Configuring the Spartan-6 FPGA


2012-05-29Publicerad av Sven-Åke Andersson

Introduction


Spartan-6 FPGAs store the customized configuration data in SRAM-type internal latches. The number of configuration bits is between 3Mb and 33Mb depending on the device size and user-design implementation options. The configuration storage is volatile and must be reloaded whenever the FPGA is powered up. This storage can also be reloaded at any time by pulling the PROGRAM_B pin low (pressing the push button SW3). Several methods and data formats for loading configurations are available. For this to work the configuration data must be stored in the on-board SPI flash.
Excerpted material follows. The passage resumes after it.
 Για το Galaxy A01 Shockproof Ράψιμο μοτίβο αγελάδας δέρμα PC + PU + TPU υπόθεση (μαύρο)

This tutorial will show how to program the SPI flash.



 

Bit-serial configurations can either be master serial mode, where the FPGA generates the configuration clock (CCLK) signal, or slave serial mode, where the external configuration data source also clocks the FPGA. The available JTAG pins use boundary-scan protocols to load bit serial configuration data. The bitstream configuration information (download.bit) is generated by the ISE software using a program called BitGen.
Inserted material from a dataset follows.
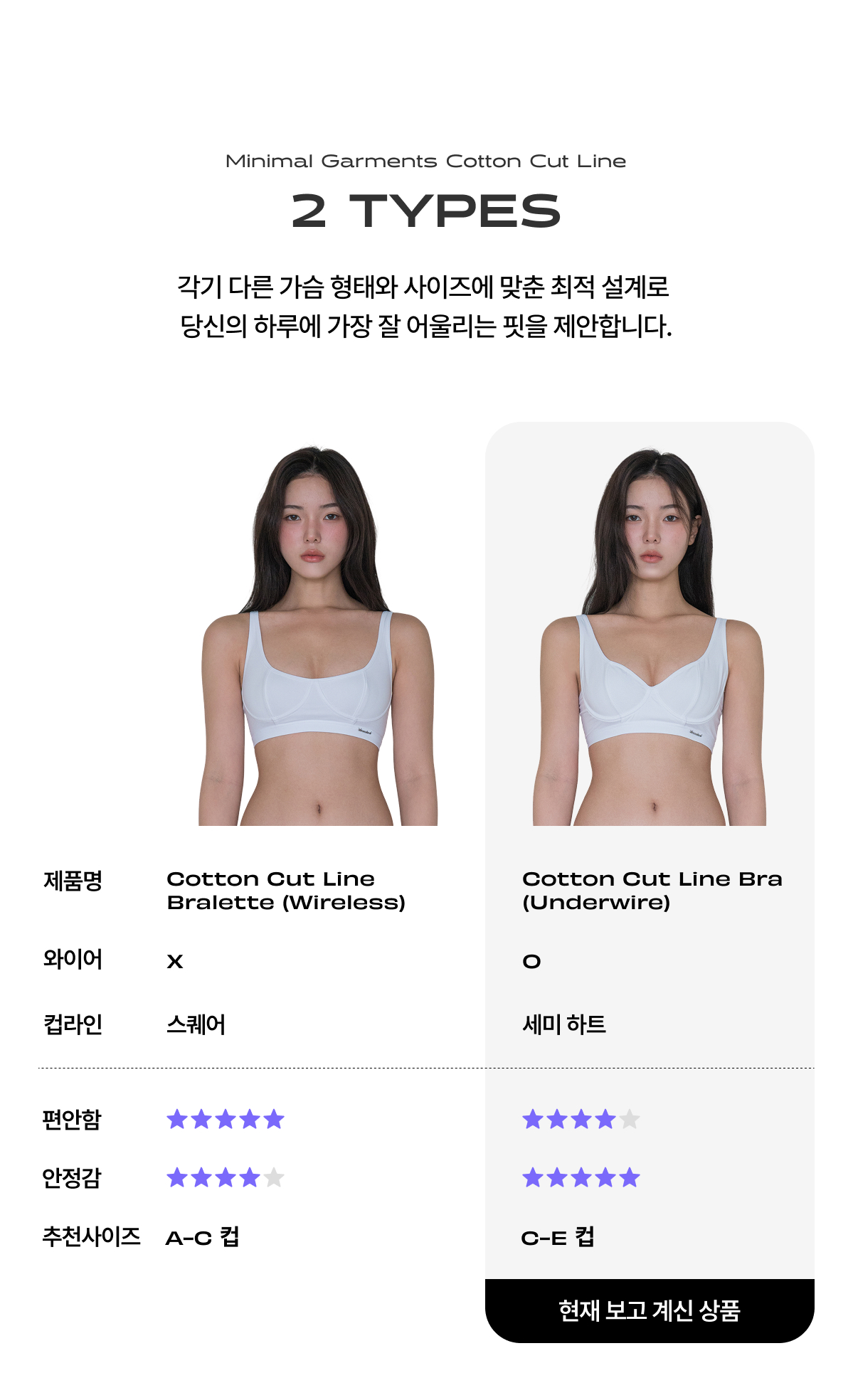 Minimal Garments Cotton Cut Line Bra (Underwire)_2colors

The Xilinx ISE PROMGen software takes an FPGA bitstream (.bit) file as input and, with the appropriate options, generates a memory image file for the data array of an SPI serial flash. The output memory image file format is chosen through a PROMGen software command-line option. Typical file formats include Intel Hex (.mcs) and Motorola Hex (.exo).
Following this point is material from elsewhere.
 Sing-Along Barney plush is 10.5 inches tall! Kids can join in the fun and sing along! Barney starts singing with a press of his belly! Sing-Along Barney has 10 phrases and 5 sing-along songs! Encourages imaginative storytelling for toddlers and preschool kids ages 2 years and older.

Note: Throughout this document, the word configuration applies to downloading a bitstream to the FPGA whereas the word programming applies to downloading a flash image to the on-board serial flash.
 

Internal configuration process


The configuration process typically executes the following sequence:

  • Detects power-up (power-on reset) or PROGRAM_B when low.
  • Clears the whole configuration memory
  • Samples the mode pins to determine the configuration mode, master or slave, bit-serial or parallel.
  • Loads the configuration data starting with the bus-width detection pattern followed by a synchronization word, checks for the proper device code and ends with a cyclic redundancy check (CRC) of the complete bitstream.
  • Starts a user-defined seuence of events: realising the internal reset of flip-flops, optionally waiting for the DCMs and/or PLLs to lock, activating the output drivers, and transitioning the DONE pin to high.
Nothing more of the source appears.